First, one of the key features of the paper is the proposal to take M-Pars/BCPs as proxy models for efficient parsing and to then study what enables them to be so good. What B&W finds is that part of what makes them good are the data structures they use with the particular properties they encode. Thus, the choice to study M-Pars/BCPs is the choice to study parsers (and maybe BDE learners) “grounded in particular linguistic theories” (58). As B&W note, this approach is quite unlike what one finds in formal learning theory or “the general results obtained from the parsability of formal languages” (58). B&W starts from a consideration of a narrower class of languages that are “already known to be linguistically relevant” (59). The aim, as B&W sees it, is to evaluate the impact on computations that the data structures we know to be operative in natural language Gs and UG have. As B&W puts it, what the paper develops is a model for studying “the interactions between data structures and algorithms…[as a way] to develop more computationally based linguistic theory” (51). In other words, it offers an interesting and concrete way of understanding the current minimalist interest in CE.

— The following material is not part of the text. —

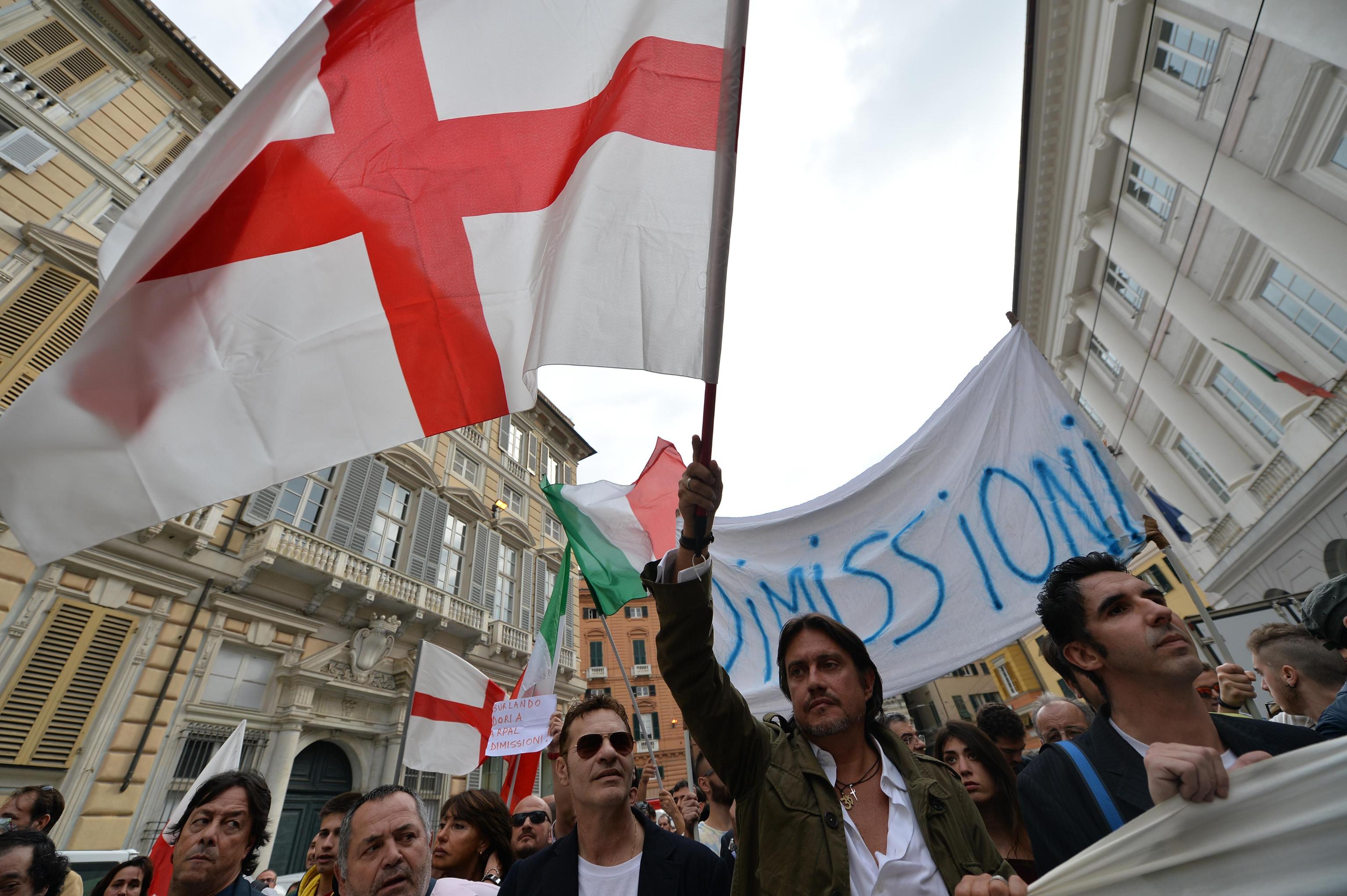 GENOVA – Cristiano De André e Francesco Baccini in testa. E un altro migliaio di persone subito dietro. Tutti uniti, a Genova, per chiedere le dimissioni del sindaco Marco Doria e del governatore della Liguria, Claudio Burlando. Dimissioni sollecitate causa “manifesta incapacità di governare”. Preso di mira dai manifestanti anche il consigliere comunale Mario Baroni (Gruppo Misto), che è stato spintonato e insultato nei vicoli davanti a Palazzo Tursi, prima che iniziasse la seduta del consiglio comunale dove l’esponente politico era diretto. Sempre davanti al palazzo c’è stato anche un lancio di uova, monetine, bottigliette di plastica e altri oggetti.

Second, as B&W stresses again and again, this is not the “last word” on the topic (53). But, to my eyes it is a very good first word. In contrast to many computational approaches to parsing and learning, it takes linguistic theory seriously and considers its implications for performance. Let me quote B&W:

…what we want to illustrate here is not the final result but the method of study. We can assess the relative strengths of parsability and learnability in this case, but only because we have advanced specific models for each. These characterizations are still quite specific, being grounded in particular linguistic theories. The results are therefore quite unlike the formal learning theories of Gold (1967), or more recently, of Osherson, Stob and Weinstein (1982) nor are they like the general results obtained from the analysis of the parsability of formal languages. Rather, they hold of a narrower class of languages that are already known to be linguistically relevant. In this respect, what the theories lose in terms of invariance over changes in linguistic theories, they gain in terms of specificity.[5] (58-9)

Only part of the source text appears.